Diprakarsai tokoh masyarakat dari masing-masing padukuhan, kerja bakti pun dilaksanakan secara bersama-sama. Pekerjaan mulai dari proses pengeprasan bukit untuk membuat lapangan dengan luas sekitar 1.500 meter persegi, lengkap dengan talud batu kosong. Kerja bakti demi kerja bakti yang dilaksanakan oleh sekitar 300 orang dari 3 dusun ini pun terus berlanjut.Kini lapangan sholat ied ini mampu menampung sekitar 600 jemaah.
Karena lapangan dari bukit yang dikepras ini relatif tinggi elevasinya, setiap pelaksanaan sholat ied pasti embun pagi disertai terpaan angin yang sangat dingin dirasakan oleh umat yang beribadah disana. Selain itu, lapangan sholat ied tersebut juga menyuguhkan luasnya panorama alam, hampir seluruh wilayah Gunungkidul dapat terlihat, dari Pilangrejo hingga tepi pantai selatan.
Suharto dan keluarganya yang sebenarnya tinggal di dekat lapangan Wotgaleh ternyata lebih memilih melaksanakan sholat di lapangan di atas bukit yang jaraknya sekitar 4 km dari rumahnya. “Kami memilih sholat di lapangan atas, karena lebih hening, unik, serta bisa langsung silaturahmi dengan sodara-sodara saya yang disana. Sejak adanya lapangan ini, kami hampir setiap tahun pasti melaksanakan sholat di sini. Kami rela mencarter mobil atau naik ojek untuk kesana,” ujar Suharto.
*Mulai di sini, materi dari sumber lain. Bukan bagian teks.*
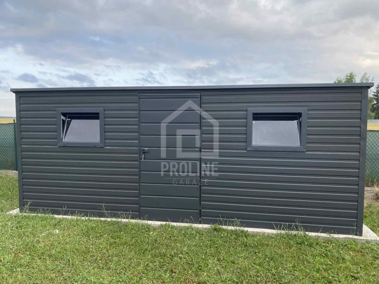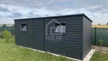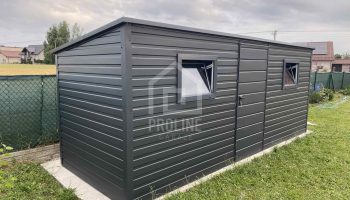 / Schowek – Domek Ogrodowy 5,5x2m – drzwi – 2x okno – antracyt – dach spad w tył PLG192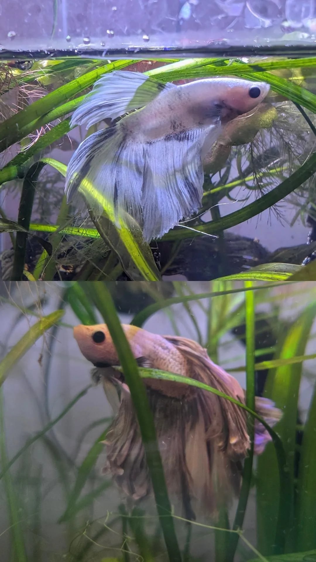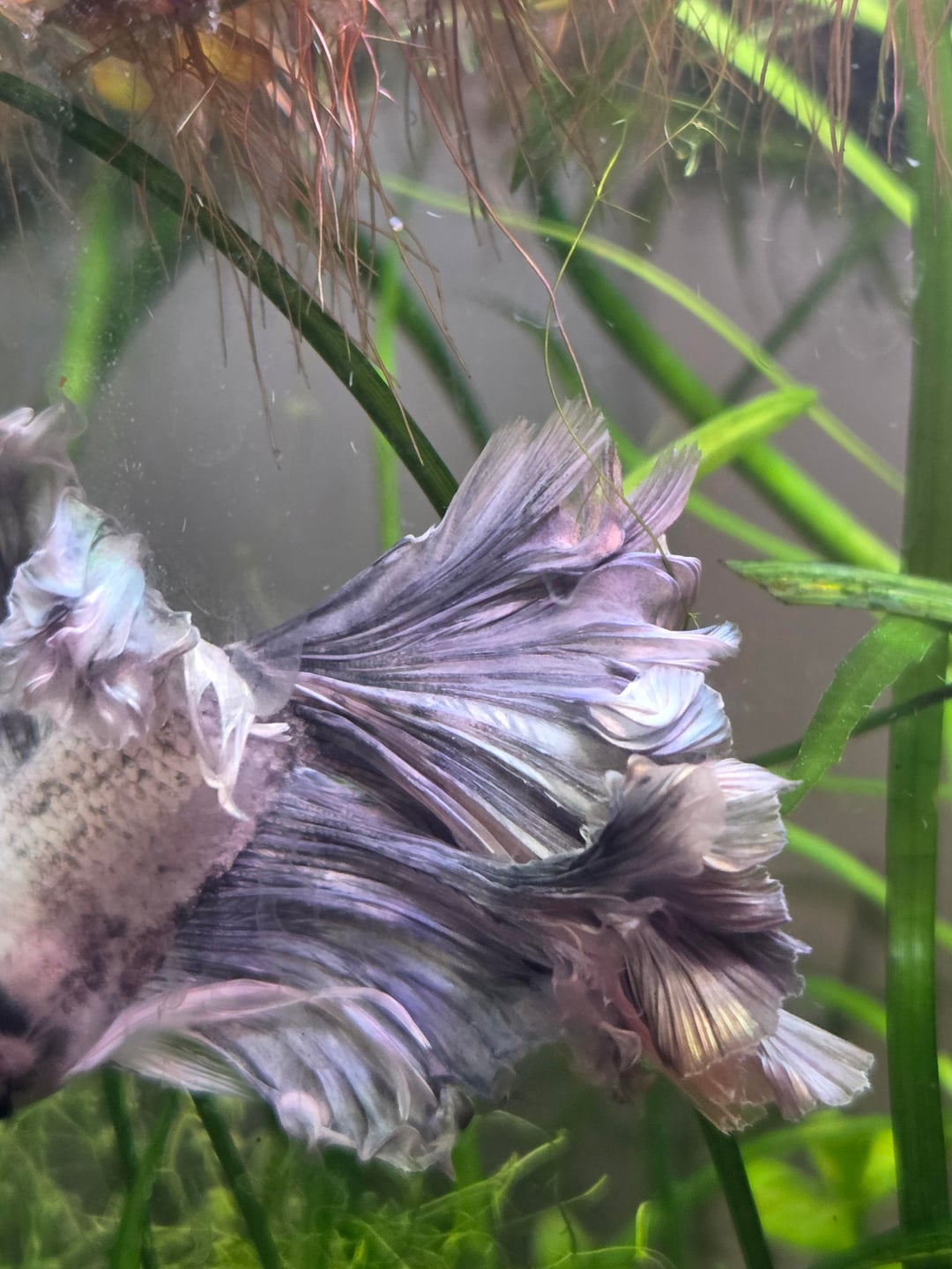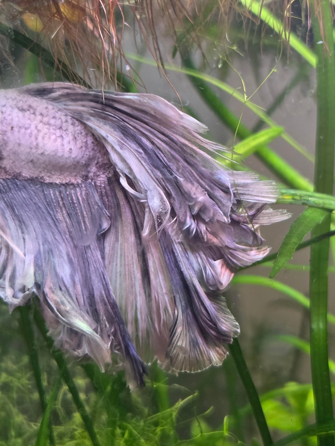 Someone already mentioned bits about rosetails, so im going to mostly repeat that and add a bit to it! Rosetails are the heaviest (and most unethical too) of all tail types due to the extreme branching of fin rays causing them fold over so much, be too heavy to fully open/fish too weak to raise the fin rays, or the rays actually breaking and kinda permanently drooping/folding over. They are unfortunately prone to fin rot and can get damaged easily. The bettas struggle a lot doing anything so a (ideally) shallow tank with *a lot* of resting areas literally everywhere is strongly recommended to try and make life easier for them. Especially as they get into adulthood and continue aging.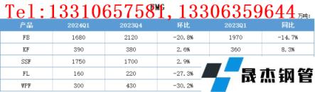 FB第一季度產量1680噸,環比下降20.8%,同比下降14.7%;KF第一季度產量390噸,環比上升2.6%,同比上升8.3%;SSF第一季度產量1750噸,環比上升2.9%,同比上升6.7%;FL第一季度產量160噸,環比下降27.3%,同比下降27.3%;WPF第一季度產量300噸,環比下降30.2%,同比下降31.8%.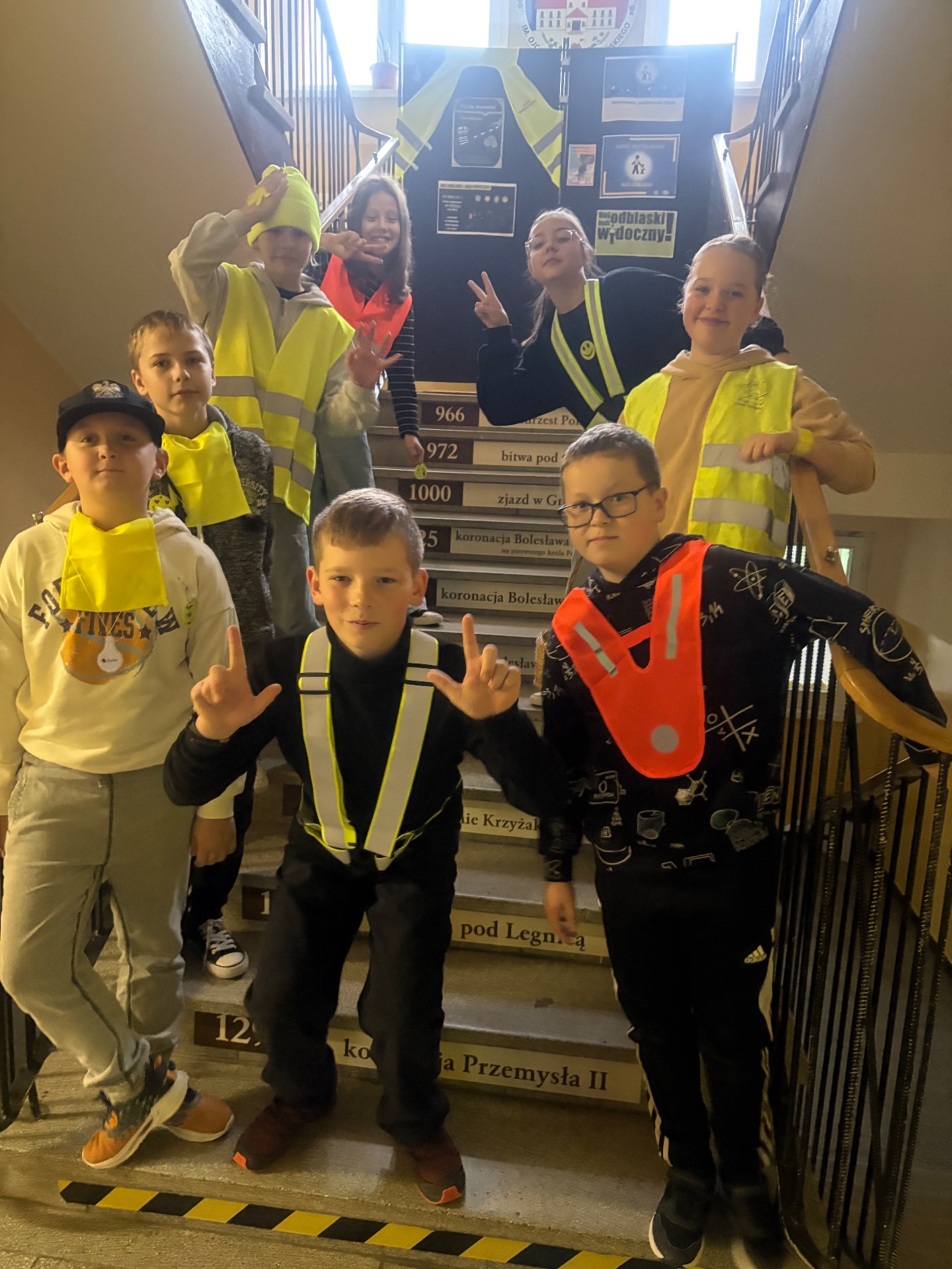 Wszyscy uczniowie wystąpili w kamizelkach i opaskach odblaskowych, świecąc przykładem dosłownie i w przenośni!

Hadi SW, tokoh masyarakat yang juga salah satu pemrakarsa pembangunan lapangan sholat ied tersebut menuturkan rencana lanjutannya. “Kami berencana untuk menambah luas lapangan. Mengepras dan menguruk beberapa sudut yang masih agak tinggi, membangun jalan masuk, serta menalud,’ ujarnya.
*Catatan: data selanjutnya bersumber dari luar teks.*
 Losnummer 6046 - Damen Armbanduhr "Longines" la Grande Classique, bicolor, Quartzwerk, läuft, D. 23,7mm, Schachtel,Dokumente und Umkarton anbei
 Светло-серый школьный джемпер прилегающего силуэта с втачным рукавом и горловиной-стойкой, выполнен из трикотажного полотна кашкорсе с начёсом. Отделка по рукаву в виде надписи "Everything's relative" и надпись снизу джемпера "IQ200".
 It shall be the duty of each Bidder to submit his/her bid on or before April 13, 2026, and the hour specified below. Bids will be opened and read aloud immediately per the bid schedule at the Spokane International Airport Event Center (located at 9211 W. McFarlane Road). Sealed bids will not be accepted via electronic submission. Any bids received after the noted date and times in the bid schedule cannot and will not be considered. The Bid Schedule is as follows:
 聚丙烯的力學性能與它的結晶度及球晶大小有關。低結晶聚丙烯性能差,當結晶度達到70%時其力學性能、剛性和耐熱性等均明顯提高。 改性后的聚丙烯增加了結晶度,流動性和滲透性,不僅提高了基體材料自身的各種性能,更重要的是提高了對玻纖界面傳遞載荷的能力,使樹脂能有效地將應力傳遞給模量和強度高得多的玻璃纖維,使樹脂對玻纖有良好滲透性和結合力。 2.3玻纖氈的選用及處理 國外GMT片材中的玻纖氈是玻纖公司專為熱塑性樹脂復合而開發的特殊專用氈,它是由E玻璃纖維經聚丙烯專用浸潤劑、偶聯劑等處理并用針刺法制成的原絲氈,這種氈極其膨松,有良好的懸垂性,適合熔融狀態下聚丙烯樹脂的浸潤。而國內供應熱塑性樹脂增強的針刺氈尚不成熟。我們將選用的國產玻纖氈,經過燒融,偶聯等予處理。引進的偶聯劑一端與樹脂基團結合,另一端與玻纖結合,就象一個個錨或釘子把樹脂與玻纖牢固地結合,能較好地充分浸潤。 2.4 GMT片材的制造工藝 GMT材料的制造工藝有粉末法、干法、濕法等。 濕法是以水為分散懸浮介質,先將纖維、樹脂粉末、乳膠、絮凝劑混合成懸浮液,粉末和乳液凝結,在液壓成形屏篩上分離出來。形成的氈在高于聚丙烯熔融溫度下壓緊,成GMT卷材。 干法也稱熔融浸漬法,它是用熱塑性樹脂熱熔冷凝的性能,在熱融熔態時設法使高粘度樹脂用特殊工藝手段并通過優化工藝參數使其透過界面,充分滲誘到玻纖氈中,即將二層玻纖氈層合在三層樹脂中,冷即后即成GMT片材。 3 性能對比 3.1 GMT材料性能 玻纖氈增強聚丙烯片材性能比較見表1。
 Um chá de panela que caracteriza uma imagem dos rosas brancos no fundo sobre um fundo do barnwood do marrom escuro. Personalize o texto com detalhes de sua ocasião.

Edy dan Anjar, pemuda yang aktif dalam mengikuti kegiatan di Padukuhan Ngangkruk memiliki inisiatif berbeda dalam memanfaatkan lahan tersebut. “Saya yakin, tiga padukuhan ini kelak menjadi tempat tujuan wisata karena memiliki potensi yang tak kalah dengan wilayah lain. Oleh karena itu, pembangunan lapangan sholat ied, kedepannya bisa dimanfaatkan untuk tempat kemah, lokasi outbound, tempat pertunjukan, dan lain-lain,” papar mereka. (BillS/Jjw).